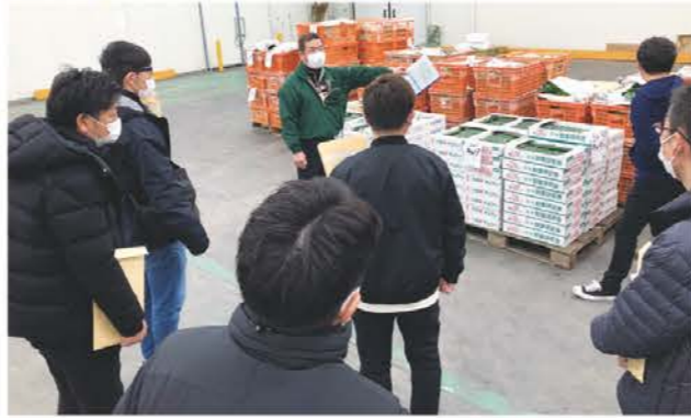
卸売市場で説明を受ける参加者ら

松阪地区青年部(JAMY)は2月13日から14日にかけて京都府で視察研修を行い、部員や関係者等合わせて11人が参加しました。京都府南部総合地方卸売市場の視察では、市場関係者から同市場の概要や京やさいブランド、旬の農産物について説明を受けました。また、祇園の散策などを行い、会員相互の親睦を深める機会になりました。
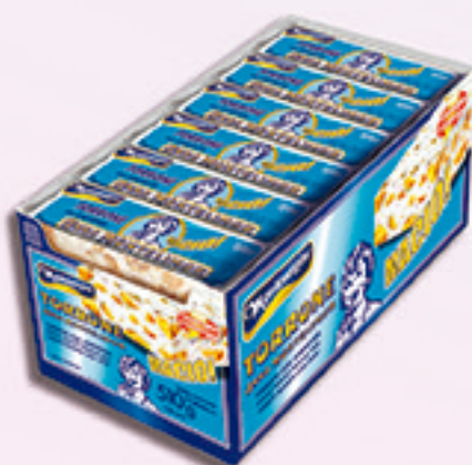
Cód: 1108 Torrone Ana Montelimar com Amendoim 30x17g
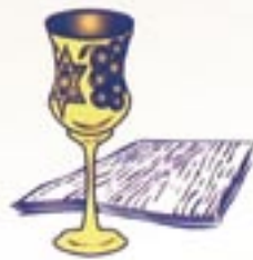
Pesakh/Hag HaMatzot Passover/Unleavened Bread

今日我們舉辦逾越節晚餐也有兩個主題，第一個主題是記念耶穌成為這個逾越節的羔羊。這位無殘疾的羔羊(無罪的)，為我
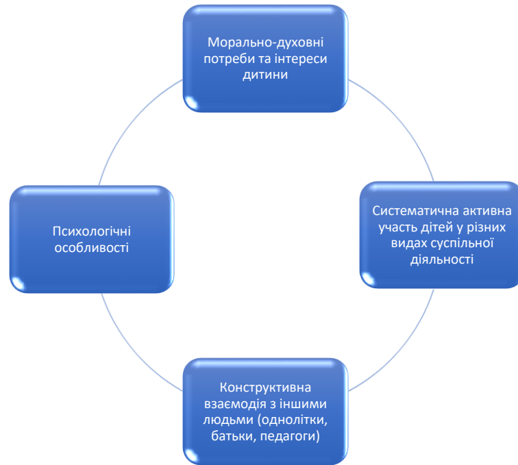
Рис. 1.2. Психолого-педагогічні особливості формування громадянської компетентності молодших школярів

Отже, особливості процесу формування громадянської компетентності молодших школярів ми можемо вбачати в набутті знань соціального та громадянського змісту в різних видах діяльності та умінь перетворювати ці знання в результаті критичного мислення, задоволення потреб і інтересів на власні цінності, установки та орієнтації, які є базою для розуміння важливості певних суспільних явищ.
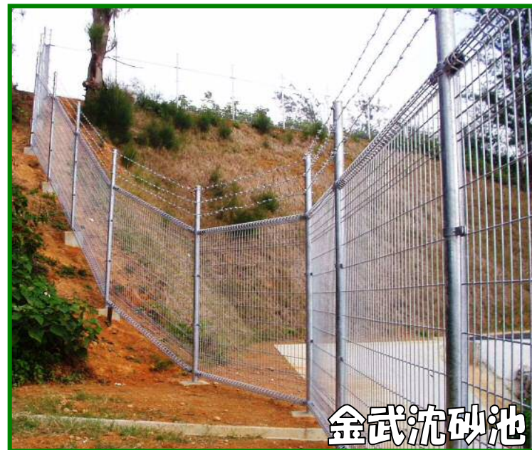
傾斜フェンス (有刺鉄線忍び)

### Work to be completed
Pick every line from the listing holding the string "громадянської", and copy it.

### Solved problem
Рис. 1.2. Психолого-педагогічні особливості формування громадянської компетентності молодших школярів
Отже, особливості процесу формування громадянської компетентності молодших школярів ми можемо вбачати в набутті знань соціального та громадянського змісту в різних видах діяльності та умінь перетворювати ці знання в результаті критичного мислення, задоволення потреб і інтересів на власні цінності, установки та орієнтації, які є базою для розуміння важливості певних суспільних явищ.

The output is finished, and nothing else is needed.